Echocardiography response, VTA, appropriate shock, and inappropriate shock in patients with RVMS and RVA leads corresponding to different LV lead position
| Items | ALCV | χ2 | P | LCV | χ2 | P | ||
|---|---|---|---|---|---|---|---|---|
| RVMS (n = 24) | RVA (n = 38) | RVMS (n = 90) | RVA (n = 115) | |||||
| Response (%) | 41.7 | 68.4 | 4.32 | 0.04 | 65.6 | 67.8 | 0.12 | 0.73 |
| VTA (%) | 66.7 | 28.9 | 8.51 | <0.01 | 32.2 | 36.5 | 0.41 | 0.52 |
| Appropriate shock (%) | 66.7 | 26.3 | 9.84 | <0.01 | 26.7 | 25.2 | 0.06 | 0.81 |
| Inappropriate shock (%) | 20.8 | 28.9 | 0.51 | 0.48 | 24.4 | 23.5 | 0.03 | 0.87 |
| Items | PLCV | χ2 | P | Total | χ2 | P | ||
| RVMS (n = 41) | RVA (n = 44) | RVMS (n = 155) | RVA (n = 197) | |||||
| Response (%) | 68.3 | 45.4 | 4.50 | 0.03 | 62.6 | 62.9 | 0.01 | 0.94 |
| VTA (%) | 39.0 | 65.9 | 6.16 | 0.01 | 39.3 | 41.6 | 0.19 | 0.67 |
| Appropriate shock (%) | 26.8 | 63.6 | 11.58 | <0.01 | 32.9 | 34.0 | 0.05 | 0.83 |
| Inappropriate shock (%) | 31.7 | 25.0 | 0.47 | 0.49 | 25.8 | 24.9 | 0.04 | 0.84 |
ALCV: Anterolateral cardiac vein; LCV: Lateral cardiac vein; PLCV: Posterolateral cardiac vein; RVMS: Right ventricular middle septum; RVA: Right ventricular apical; VTA: Ventricular arrhythmias; LV: Left ventricular.
Figure 4.
Kaplan-Meier analysis of survival free of VTA (a), appropriate shock (b), and inappropriate shock (c) by RVMS and RVA in the ALCV cohort. *Univariate Cox proportional hazards analysis; †Multivariate Cox proportional hazard analysis. RVMS: Right ventricular middle septum; RVA: Right ventricular apical; VTA: Ventricular arrhythmias; ALCV: Anterolateral cardiac vein; HR: Hazard ratio.
Figure 5.
Kaplan-Meier analysis of survival free of VTA (a), appropriate shock (b), and inappropriate shock (c) by RVMS and RVA in the PLCV cohort. *Univariate Cox proportional hazard analysis; †Multivariate Cox proportional hazard analysis. RVMS: Right ventricular middle septum; RVA: Right ventricular apical; VTA: Ventricular arrhythmias; PLCV: Posterolateral cardiac vein; HR: Hazard ratio.
DISCUSSION
By comparing the influence of different right ventricular lead positions on VTA after CRT, we obtained the following results: (1) without considering the left ventricular lead position, only analysis of the right ventricular lead positions was performed, and the results showed that the risks of VTA and appropriate defibrillation between the RVMS and RVA groups were similar; (2) when the left ventricular lead was at the ALCV or the PLCV, the respective performances of the RVA and RVMS groups were differences, and the risk of VTA and appropriate defibrillation was reduced when a farther right ventricular lead was chosen. However, when the left ventricular lead was at the LCV, there were no differences; (3) the right ventricular lead position did not have significant effects on inappropriate defibrillation.

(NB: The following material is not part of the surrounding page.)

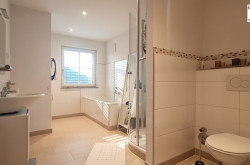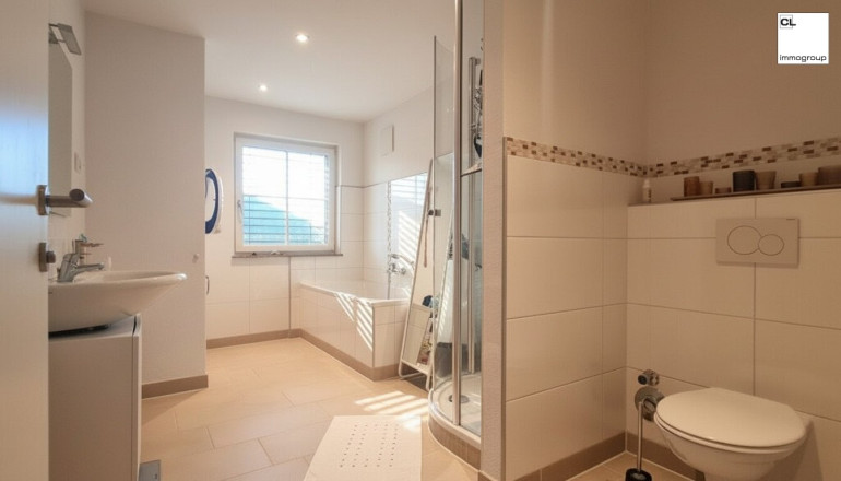 Ein besonderes Highlight ist das großzügige Badezimmer: hell und freundlich gestaltet, mit Fenster, Badewanne und Dusche ausgestattet – ein Ort zum Abschalten und Wohlfühlen.

Three previous large-scale studies compared the influence of the right ventricular lead location on VTA of CRT patients but obtained conflicting results. A subgroup study of the MADIT-CRT trial showed that the risk of VTA increased in the 1st year in the non-RVA (NRVA) group.[10] A subsequent Danish study showed that appropriate treatment was delivered significantly more often in the RVA group than in the NRVA group.[11] The subgroup analysis of the SPICE trial,[12] which used the right ventricular lead for random grouping, showed neither a reduction in VTA and appropriate defibrillation nor an increased in the RVMS group. Our study simply divided patients into RVMS and RVA groups, and the conclusion was similar to that reported in the SPICE trial. However, opposite results were obtained in the other two studies. The variation in the results might be due to the differences in the baseline data of the samples. In addition, the nonrandom grouping based on the right ventricular leads introduced selection bias that caused an unbalanced distribution of the sample sizes between the NRVA group and the RVA group (the NRVA group in the MADIT-CRT trial only accounted for 12% of patients).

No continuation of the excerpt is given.